Your task is to write out every line of the data exactly. Drop the pictures.

---- Given entries

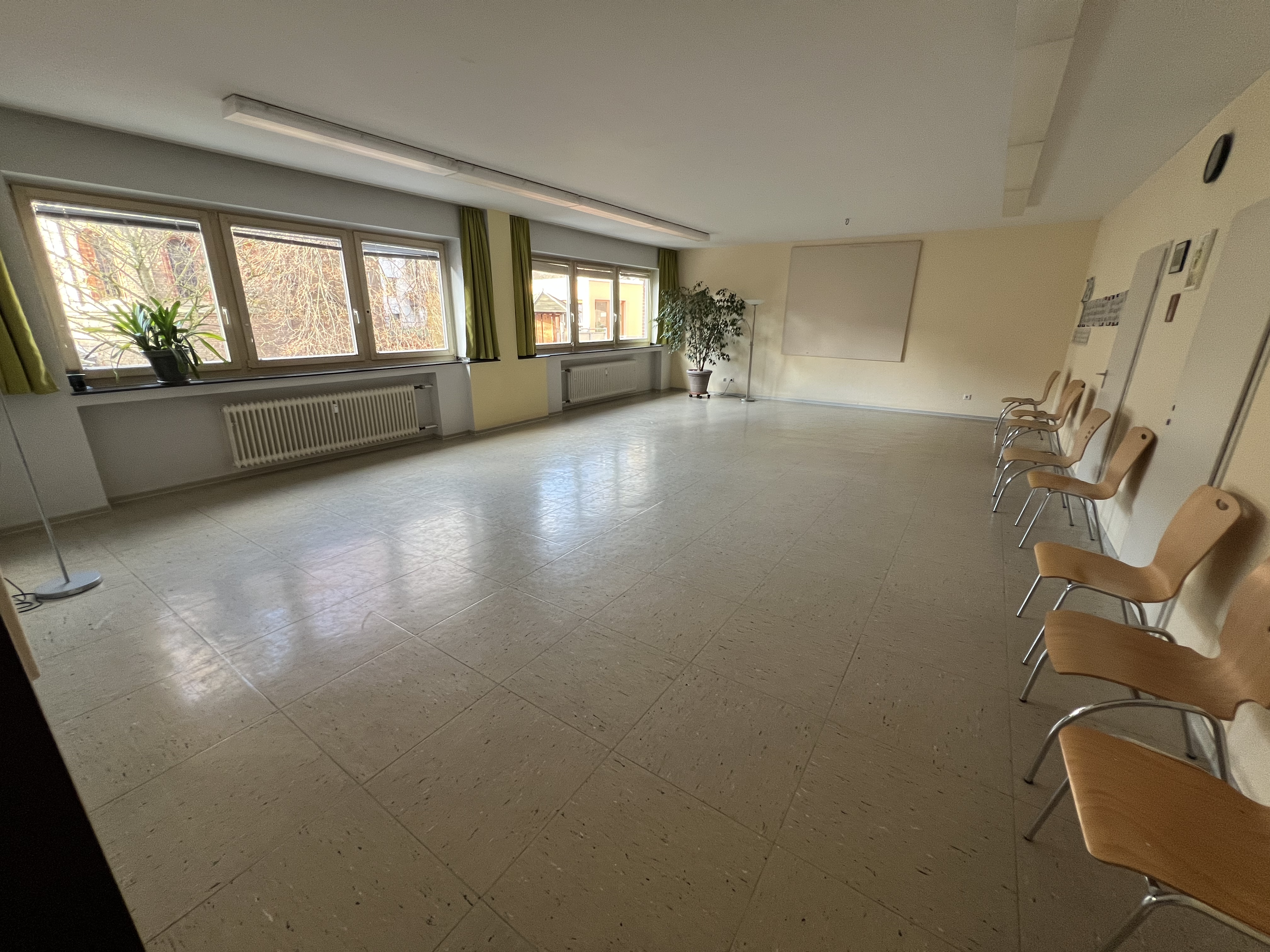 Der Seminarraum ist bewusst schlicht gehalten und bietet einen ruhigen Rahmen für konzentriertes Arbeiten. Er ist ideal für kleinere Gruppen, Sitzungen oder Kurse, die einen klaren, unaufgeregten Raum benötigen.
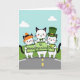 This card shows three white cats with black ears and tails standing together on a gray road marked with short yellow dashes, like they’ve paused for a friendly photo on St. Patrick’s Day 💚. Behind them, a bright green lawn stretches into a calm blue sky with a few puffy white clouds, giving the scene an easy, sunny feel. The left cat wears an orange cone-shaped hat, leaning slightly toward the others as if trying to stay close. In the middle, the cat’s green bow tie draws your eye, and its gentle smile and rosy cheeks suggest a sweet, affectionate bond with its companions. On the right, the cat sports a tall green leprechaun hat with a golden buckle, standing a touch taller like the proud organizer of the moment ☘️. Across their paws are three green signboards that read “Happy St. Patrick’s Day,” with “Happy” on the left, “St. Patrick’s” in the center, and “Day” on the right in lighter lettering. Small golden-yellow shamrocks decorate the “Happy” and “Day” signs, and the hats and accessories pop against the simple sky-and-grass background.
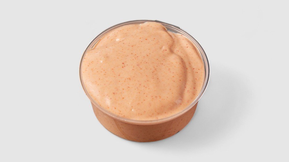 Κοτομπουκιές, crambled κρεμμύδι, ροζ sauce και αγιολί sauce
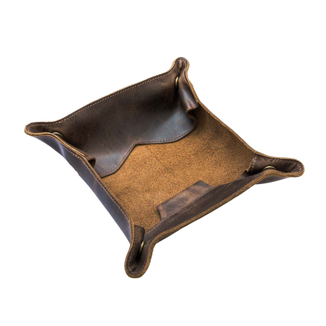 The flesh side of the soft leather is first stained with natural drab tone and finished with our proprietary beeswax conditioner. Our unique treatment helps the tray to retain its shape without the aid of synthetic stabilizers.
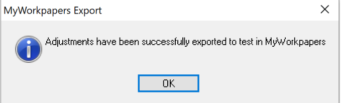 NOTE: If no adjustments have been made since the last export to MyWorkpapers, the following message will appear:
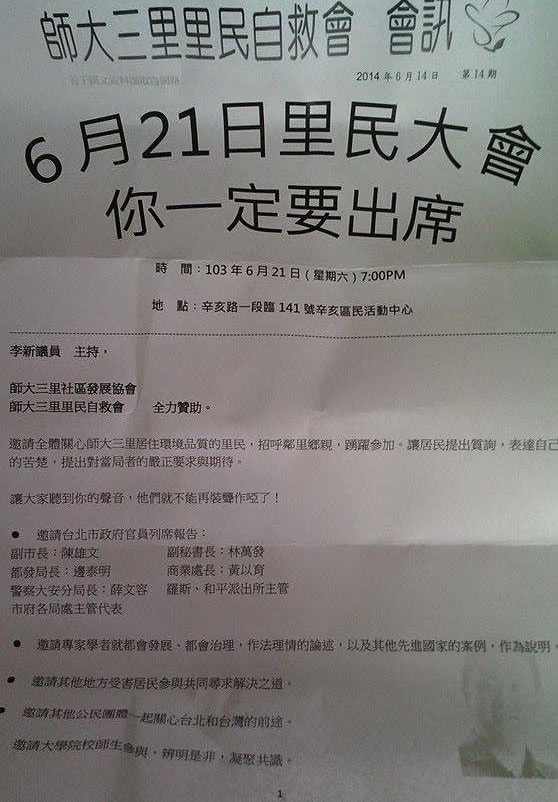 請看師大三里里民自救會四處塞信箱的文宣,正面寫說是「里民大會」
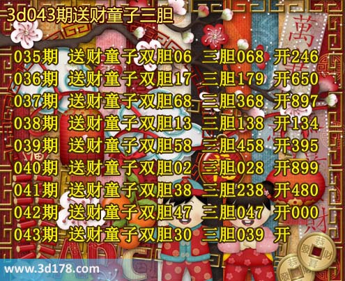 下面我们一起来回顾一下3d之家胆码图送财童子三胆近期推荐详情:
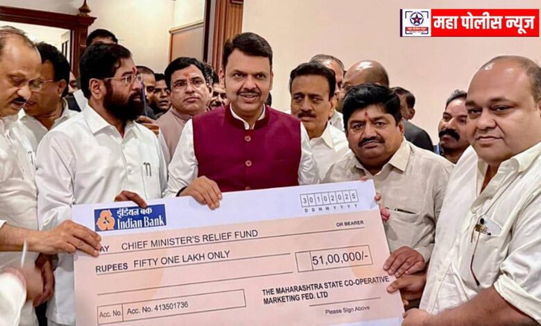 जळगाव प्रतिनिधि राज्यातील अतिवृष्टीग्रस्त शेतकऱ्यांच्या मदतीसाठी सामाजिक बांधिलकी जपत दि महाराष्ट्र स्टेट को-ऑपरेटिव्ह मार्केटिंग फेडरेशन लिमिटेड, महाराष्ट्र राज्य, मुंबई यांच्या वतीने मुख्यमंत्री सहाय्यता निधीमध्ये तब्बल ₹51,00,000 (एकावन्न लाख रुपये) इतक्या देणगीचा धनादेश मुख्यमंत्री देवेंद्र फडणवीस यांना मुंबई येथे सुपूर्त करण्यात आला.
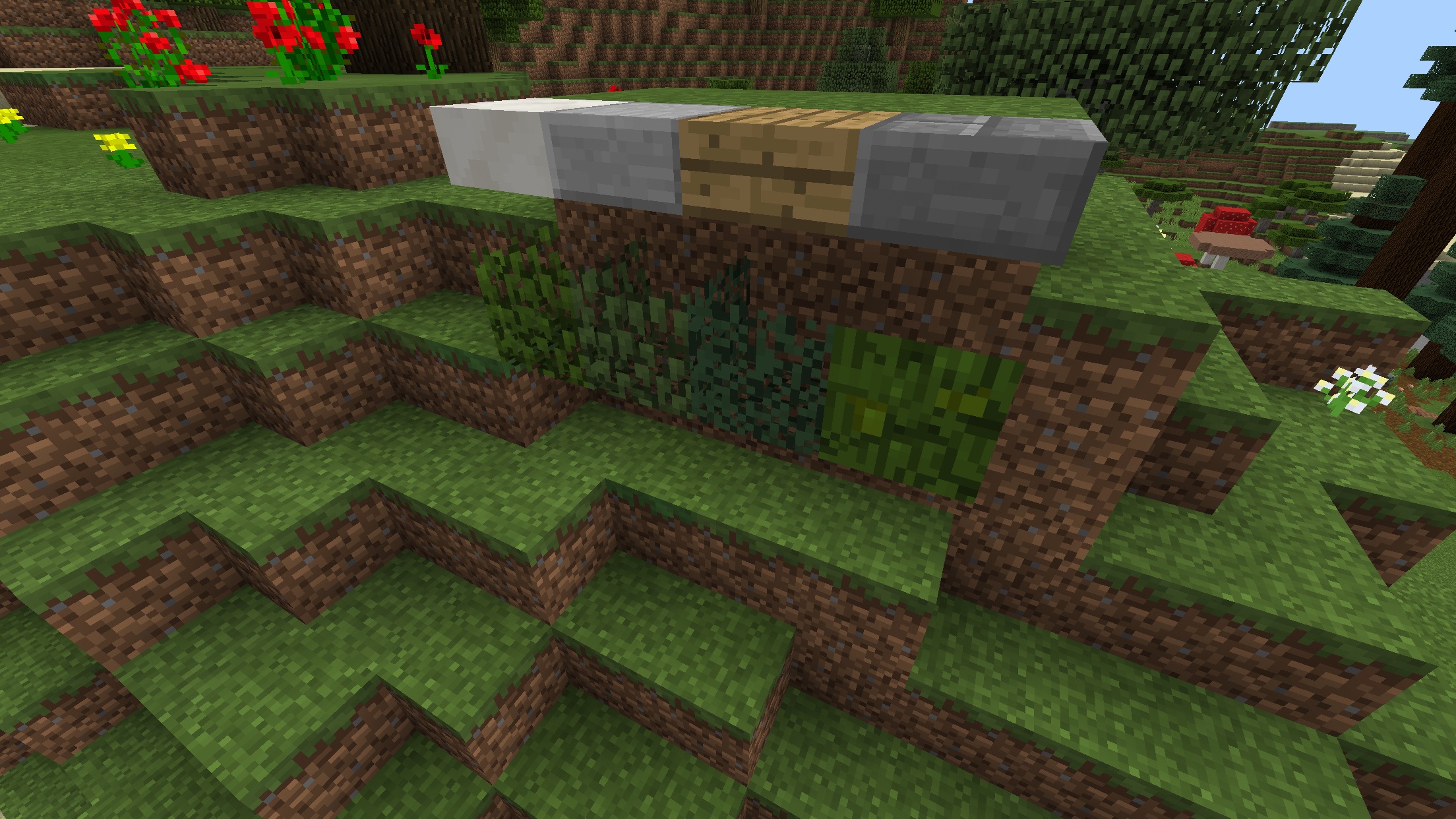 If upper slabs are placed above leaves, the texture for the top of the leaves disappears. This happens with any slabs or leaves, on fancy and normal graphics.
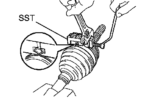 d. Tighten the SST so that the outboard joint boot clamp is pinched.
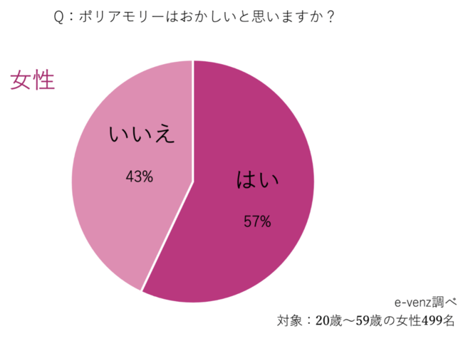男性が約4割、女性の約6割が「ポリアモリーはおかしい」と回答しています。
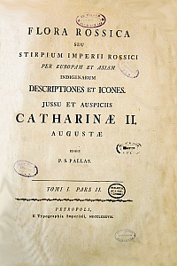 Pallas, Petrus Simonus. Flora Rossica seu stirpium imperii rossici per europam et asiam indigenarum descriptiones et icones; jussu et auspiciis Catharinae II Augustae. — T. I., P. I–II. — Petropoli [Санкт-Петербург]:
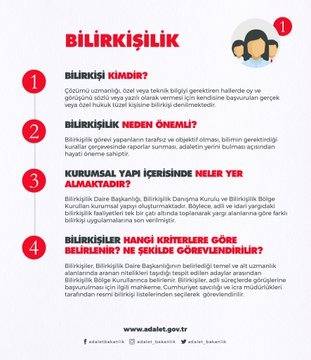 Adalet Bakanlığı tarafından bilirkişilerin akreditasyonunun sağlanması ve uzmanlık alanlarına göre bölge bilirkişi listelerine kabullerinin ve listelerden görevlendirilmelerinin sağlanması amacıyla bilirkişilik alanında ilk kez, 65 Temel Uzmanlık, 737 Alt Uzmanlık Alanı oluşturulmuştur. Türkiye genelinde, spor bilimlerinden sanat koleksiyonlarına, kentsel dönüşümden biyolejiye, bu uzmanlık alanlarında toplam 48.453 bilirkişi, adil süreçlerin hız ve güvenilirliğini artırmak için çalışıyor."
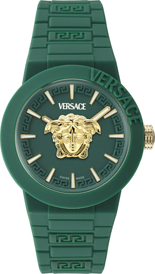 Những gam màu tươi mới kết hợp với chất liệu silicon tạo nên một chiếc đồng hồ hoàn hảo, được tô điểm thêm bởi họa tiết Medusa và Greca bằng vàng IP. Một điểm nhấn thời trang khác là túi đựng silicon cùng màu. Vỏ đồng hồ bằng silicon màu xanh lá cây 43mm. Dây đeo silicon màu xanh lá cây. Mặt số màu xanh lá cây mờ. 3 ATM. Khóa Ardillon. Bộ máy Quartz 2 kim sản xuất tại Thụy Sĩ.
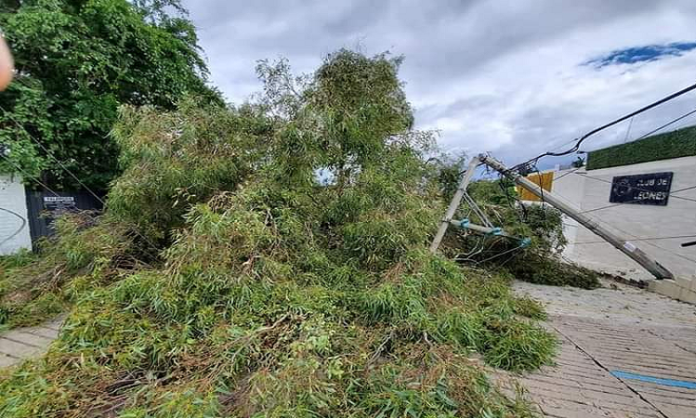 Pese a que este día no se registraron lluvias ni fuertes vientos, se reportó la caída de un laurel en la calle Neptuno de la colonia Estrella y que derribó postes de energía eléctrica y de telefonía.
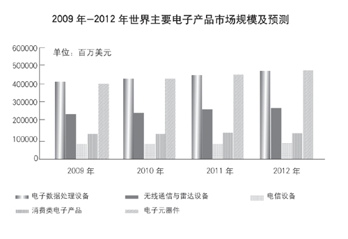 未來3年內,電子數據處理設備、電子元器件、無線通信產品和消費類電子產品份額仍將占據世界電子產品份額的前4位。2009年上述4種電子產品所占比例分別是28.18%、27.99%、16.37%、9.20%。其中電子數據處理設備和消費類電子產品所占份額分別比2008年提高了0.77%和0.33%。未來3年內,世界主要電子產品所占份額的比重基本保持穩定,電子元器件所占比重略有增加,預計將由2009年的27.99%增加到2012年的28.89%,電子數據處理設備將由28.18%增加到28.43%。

--------

* _Task answer_:
 Der Seminarraum ist bewusst schlicht gehalten und bietet einen ruhigen Rahmen für konzentriertes Arbeiten. Er ist ideal für kleinere Gruppen, Sitzungen oder Kurse, die einen klaren, unaufgeregten Raum benötigen.
 This card shows three white cats with black ears and tails standing together on a gray road marked with short yellow dashes, like they’ve paused for a friendly photo on St. Patrick’s Day 💚. Behind them, a bright green lawn stretches into a calm blue sky with a few puffy white clouds, giving the scene an easy, sunny feel. The left cat wears an orange cone-shaped hat, leaning slightly toward the others as if trying to stay close. In the middle, the cat’s green bow tie draws your eye, and its gentle smile and rosy cheeks suggest a sweet, affectionate bond with its companions. On the right, the cat sports a tall green leprechaun hat with a golden buckle, standing a touch taller like the proud organizer of the moment ☘️. Across their paws are three green signboards that read “Happy St. Patrick’s Day,” with “Happy” on the left, “St. Patrick’s” in the center, and “Day” on the right in lighter lettering. Small golden-yellow shamrocks decorate the “Happy” and “Day” signs, and the hats and accessories pop against the simple sky-and-grass background.
 Κοτομπουκιές, crambled κρεμμύδι, ροζ sauce και αγιολί sauce
 The flesh side of the soft leather is first stained with natural drab tone and finished with our proprietary beeswax conditioner. Our unique treatment helps the tray to retain its shape without the aid of synthetic stabilizers.
 NOTE: If no adjustments have been made since the last export to MyWorkpapers, the following message will appear:
 請看師大三里里民自救會四處塞信箱的文宣,正面寫說是「里民大會」
 下面我们一起来回顾一下3d之家胆码图送财童子三胆近期推荐详情:
 जळगाव प्रतिनिधि राज्यातील अतिवृष्टीग्रस्त शेतकऱ्यांच्या मदतीसाठी सामाजिक बांधिलकी जपत दि महाराष्ट्र स्टेट को-ऑपरेटिव्ह मार्केटिंग फेडरेशन लिमिटेड, महाराष्ट्र राज्य, मुंबई यांच्या वतीने मुख्यमंत्री सहाय्यता निधीमध्ये तब्बल ₹51,00,000 (एकावन्न लाख रुपये) इतक्या देणगीचा धनादेश मुख्यमंत्री देवेंद्र फडणवीस यांना मुंबई येथे सुपूर्त करण्यात आला.
 If upper slabs are placed above leaves, the texture for the top of the leaves disappears. This happens with any slabs or leaves, on fancy and normal graphics.
 d. Tighten the SST so that the outboard joint boot clamp is pinched.
男性が約4割、女性の約6割が「ポリアモリーはおかしい」と回答しています。
 Pallas, Petrus Simonus. Flora Rossica seu stirpium imperii rossici per europam et asiam indigenarum descriptiones et icones; jussu et auspiciis Catharinae II Augustae. — T. I., P. I–II. — Petropoli [Санкт-Петербург]:
 Adalet Bakanlığı tarafından bilirkişilerin akreditasyonunun sağlanması ve uzmanlık alanlarına göre bölge bilirkişi listelerine kabullerinin ve listelerden görevlendirilmelerinin sağlanması amacıyla bilirkişilik alanında ilk kez, 65 Temel Uzmanlık, 737 Alt Uzmanlık Alanı oluşturulmuştur. Türkiye genelinde, spor bilimlerinden sanat koleksiyonlarına, kentsel dönüşümden biyolejiye, bu uzmanlık alanlarında toplam 48.453 bilirkişi, adil süreçlerin hız ve güvenilirliğini artırmak için çalışıyor."
 Những gam màu tươi mới kết hợp với chất liệu silicon tạo nên một chiếc đồng hồ hoàn hảo, được tô điểm thêm bởi họa tiết Medusa và Greca bằng vàng IP. Một điểm nhấn thời trang khác là túi đựng silicon cùng màu. Vỏ đồng hồ bằng silicon màu xanh lá cây 43mm. Dây đeo silicon màu xanh lá cây. Mặt số màu xanh lá cây mờ. 3 ATM. Khóa Ardillon. Bộ máy Quartz 2 kim sản xuất tại Thụy Sĩ.
 Pese a que este día no se registraron lluvias ni fuertes vientos, se reportó la caída de un laurel en la calle Neptuno de la colonia Estrella y que derribó postes de energía eléctrica y de telefonía.
 未來3年內,電子數據處理設備、電子元器件、無線通信產品和消費類電子產品份額仍將占據世界電子產品份額的前4位。2009年上述4種電子產品所占比例分別是28.18%、27.99%、16.37%、9.20%。其中電子數據處理設備和消費類電子產品所占份額分別比2008年提高了0.77%和0.33%。未來3年內,世界主要電子產品所占份額的比重基本保持穩定,電子元器件所占比重略有增加,預計將由2009年的27.99%增加到2012年的28.89%,電子數據處理設備將由28.18%增加到28.43%。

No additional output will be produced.